▶ WHAT YOU HAVE TO DO:
With the pictures left out, print exactly the lines below that run from the one containing "证券之星消息,2月7日,佳电" through the one containing "[*8 ]K nim se".

▶ GIVEN ENTRIES:
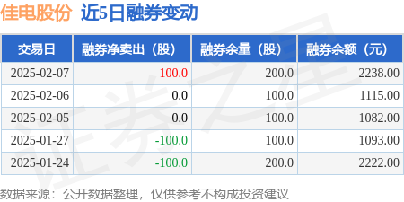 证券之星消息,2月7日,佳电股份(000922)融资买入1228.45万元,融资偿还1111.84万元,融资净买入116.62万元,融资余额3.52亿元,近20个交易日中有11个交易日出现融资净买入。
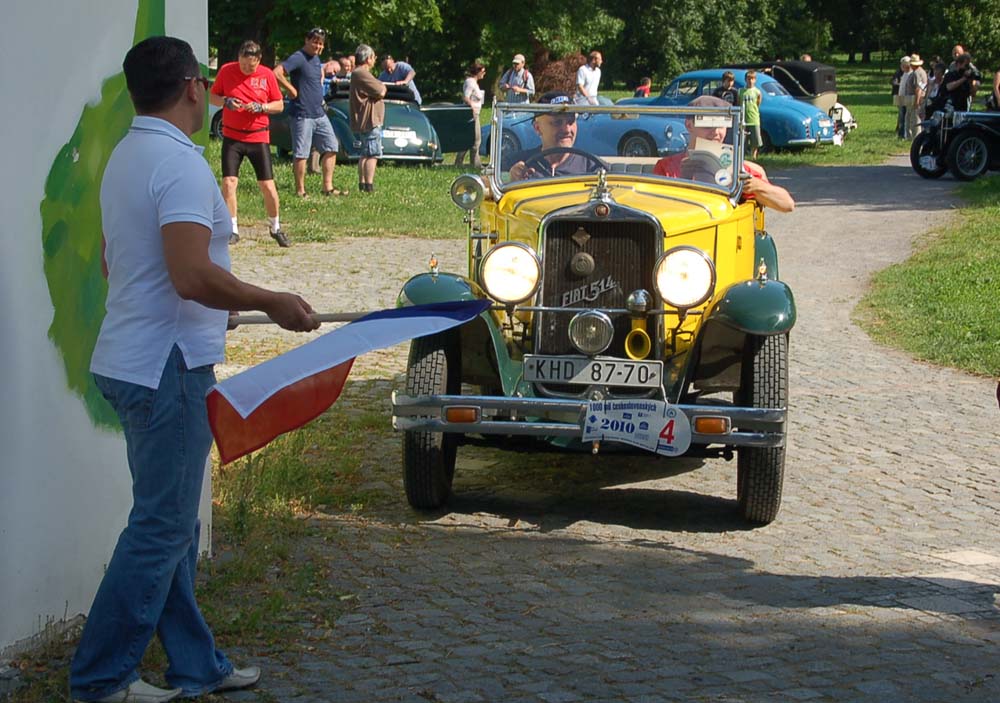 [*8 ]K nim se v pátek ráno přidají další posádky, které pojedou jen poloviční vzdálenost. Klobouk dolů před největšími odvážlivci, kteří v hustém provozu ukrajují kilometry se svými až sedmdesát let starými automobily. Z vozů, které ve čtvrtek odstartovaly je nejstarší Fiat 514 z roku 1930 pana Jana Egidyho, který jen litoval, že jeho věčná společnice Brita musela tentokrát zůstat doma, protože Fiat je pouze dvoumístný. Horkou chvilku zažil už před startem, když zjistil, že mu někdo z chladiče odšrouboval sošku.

...

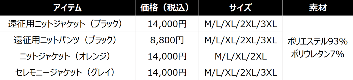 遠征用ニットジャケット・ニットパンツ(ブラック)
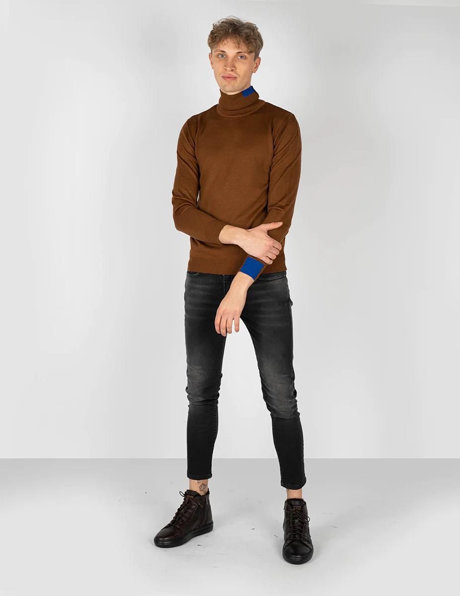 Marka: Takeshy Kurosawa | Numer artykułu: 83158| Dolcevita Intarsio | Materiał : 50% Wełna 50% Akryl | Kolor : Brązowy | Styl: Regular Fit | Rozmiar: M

▶ WRITTEN SOLUTION:
 证券之星消息,2月7日,佳电股份(000922)融资买入1228.45万元,融资偿还1111.84万元,融资净买入116.62万元,融资余额3.52亿元,近20个交易日中有11个交易日出现融资净买入。
 [*8 ]K nim se v pátek ráno přidají další posádky, které pojedou jen poloviční vzdálenost. Klobouk dolů před největšími odvážlivci, kteří v hustém provozu ukrajují kilometry se svými až sedmdesát let starými automobily. Z vozů, které ve čtvrtek odstartovaly je nejstarší Fiat 514 z roku 1930 pana Jana Egidyho, který jen litoval, že jeho věčná společnice Brita musela tentokrát zůstat doma, protože Fiat je pouze dvoumístný. Horkou chvilku zažil už před startem, když zjistil, že mu někdo z chladiče odšrouboval sošku.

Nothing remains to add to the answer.